Теоретическое прогнозирование, дедукция, аналогии – вот та мыслительная опора, на которой строятся естественнонаучные модели мира. Истинность каждой из них выверяется принципом «вложения» предыдущей модели в новую (к примеру, в десятимерном пространстве «сворачиваются» шесть измерений, получают частный случай четырехмерного квазиевклидового пространства-времени), что дает возможность двигаться бесконечно на пути «локализации» все более и более «тонких» объектов, в полном согласии с ленинским тезисом: «… природа бесконечна». Если бы дело обстояло только так, наука рано или поздно пришла бы к факту бессмысленности собственных построений: одностороннее углубление в материю никогда не привело бы к познаванию сути исследуемого объекта (так, сегодняшняя астрофизика «видит» с помощью приборов, что происходит на поверхности Солнца, но не может ничего сказать по поводу причин происходящего). Суть «физического объекта» духовна, и она познается иным, чем к этому располагает естествознание, строем души. Определенный намек на это дает уже А. Эйнштейн в своем очерке «Физика и реальность»: «Критический ум физика не может ограничиваться рассмотрением только его собственной теории. Он не может двигаться вперед без критического рассмотрения значительно более сложной проблемы: анализа природы повседневного мышления». Мышление активизируется, как только на горизонте наблюдения всплывает какое-то восприятие, и с этим восприятием соединяется в мышлении интуиция, она и есть идеальный «результат» процесса наблюдения. Говоря о тех «общих элементарных законах», из которых дедуктивно выводится картина мира, А. Эйнштейн подчеркивает, что к ним ведет «не логический путь, а только основанная на проникновении в суть опыта интуиция». То же относится и к пониманию соотношения теории и чувственного опыта: это происходит интуитивно.

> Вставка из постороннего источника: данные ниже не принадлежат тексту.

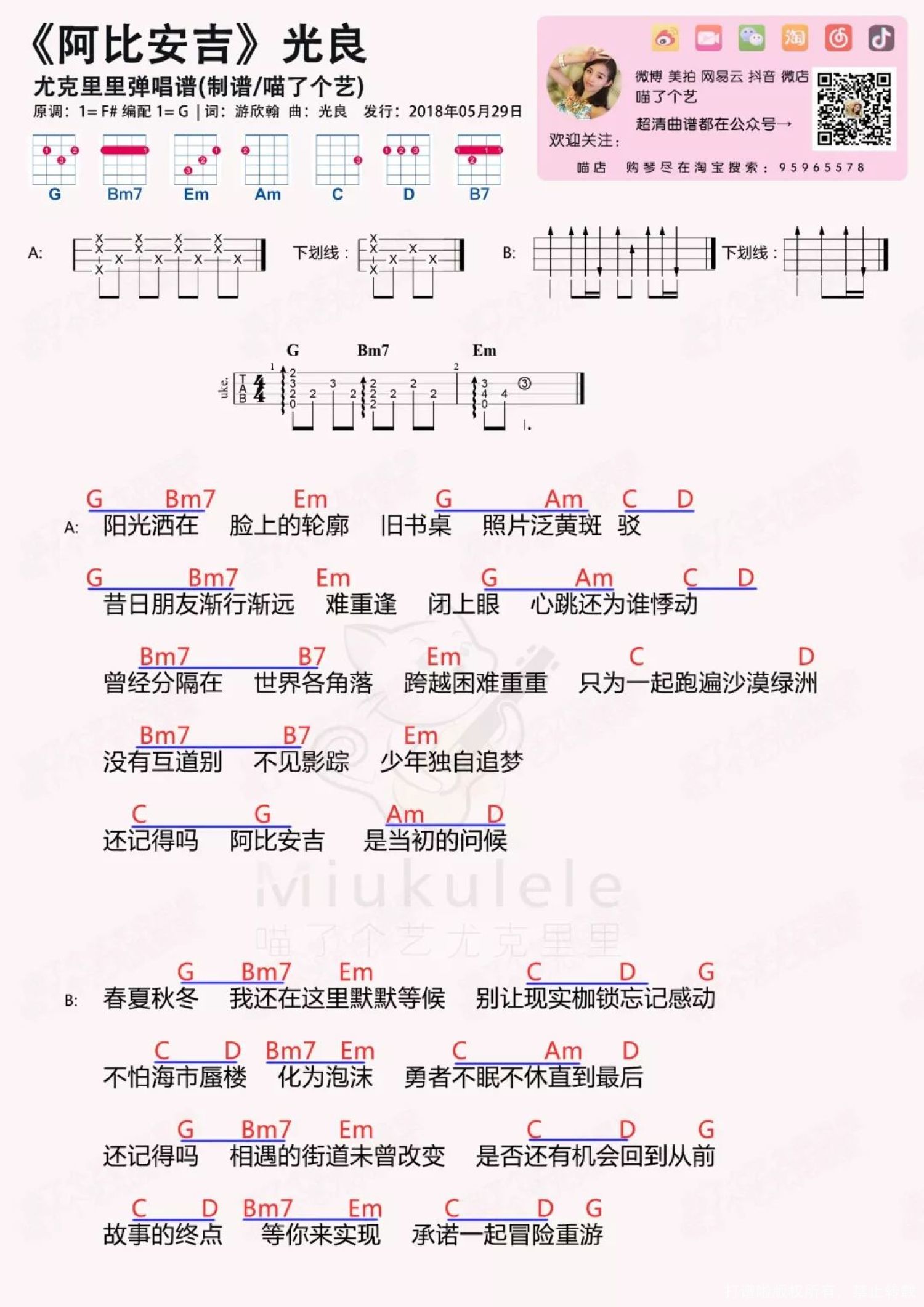 曲谱介绍: 有些友情特别简单,就是一起上课放学,一起游戏打闹,但一不小心走过了几十年。MV里的【阿比安吉】意思是【再会】,我在故事的终点等你一起来实现。   喵了个艺翻唱   尤克里里谱

Отнесенная к определенному восприятию, интуиция становится представлением, «индивидуализированным понятием», репрезентирующим наблюдаемый объект. Только в этом смысле и следует понимать высказанную А. Пуанкаре в «Ценности науки» мысль: «Невозможна реальность, которая была бы вполне независима от ума, постигающего ее, видящего, чувствующего ее». С этим высказыванием перекликается и замечание А.Эйнштейна об отраженной в научных понятиях, принципах, теориях физической реальности: «… она является не материальной субстанцией, а идеальным человеческим отражением объективного мира». И только слияние в момент наблюдения, в момент «вспыхивания» интуиции, чувственного и идеального и есть полная действительность «физического объекта», его истинное содержание.
Интуитивный элемент играет в построении современных физических теорий беспрецедентную роль: в условии «ненаблюдаемости» исследуемых объектов, теория утверждает их существование. Так обстоит дело с суперсимметричной теорией одномерно протяженных (с линейными размерами порядка планковской длины) релятивистских объектов, суперструн: вводятся новые фундаментальные физические объекты (суперструны, суперструнное поле, суперструнный вакуум), являющиеся основой для концептуального описания пространства-времени.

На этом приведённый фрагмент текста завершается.